Iraq's largest oil refinery fell to the Islamic State in Iraq and Syria Wednesday morning.
More from The New York Times:
The facility at Baiji is the first operating refinery to fall to the fighters of the Islamic State in Iraq and Syria, or ISIS, who have swept through much of northern Iraq and had surrounded the refinery in Baiji for the past week, battling with a battalion of the Iraqi Army that had been backed up by air support.
The capture of the refinery could deny the Iraq government an important source of fuel and provide the insurgents a potentially lucrative income earner, assuming they can ensure the facility's continued operation and sell the fuel, at least in the areas they control. ISIS already profits from its control of oil resources in eastern Syria.
An Iraqi military spokesman, Gen.

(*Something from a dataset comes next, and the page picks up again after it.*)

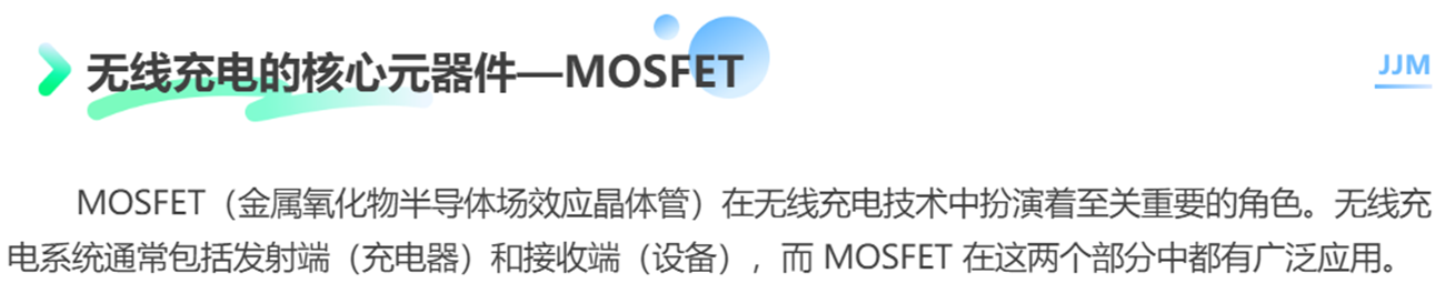 MOSFET(金屬氧化物半導(dǎo)體場效應(yīng)晶體管)在無線充電技術(shù)中扮演著至關(guān)重要的角色。無線充電系統(tǒng)通常包括發(fā)射端(充電器)和接收端(設(shè)備),而 MOSFET 在這兩個部分中都有廣泛應(yīng)用。

Qassim Atta, denied that the Baiji refinery had fallen in a televised statement that he made hours after ISIS fighters had apparently taken over the refinery.
As ISIS gains more traction in Iraq, we'll look at the possible role of America in the conflict and the potential consequences.
"While the U.S. may still have some stake in what happens in Iraq, it's been left with little leverage to do anything about it," says David Welna for NPR:
[Persian Gulf expert Kenneth Pollack of the Brookings Institution] notes that Iraq is once again in a state of civil war -- just as it was seven years ago. But unlike then, the U.S. no longer has either the political or military clout it once had, he says.
"I think that we have to recognize that we're not probably going to be able to do a whole lot in Iraq," he says. "We may not be able to shut down this civil war, not anytime soon."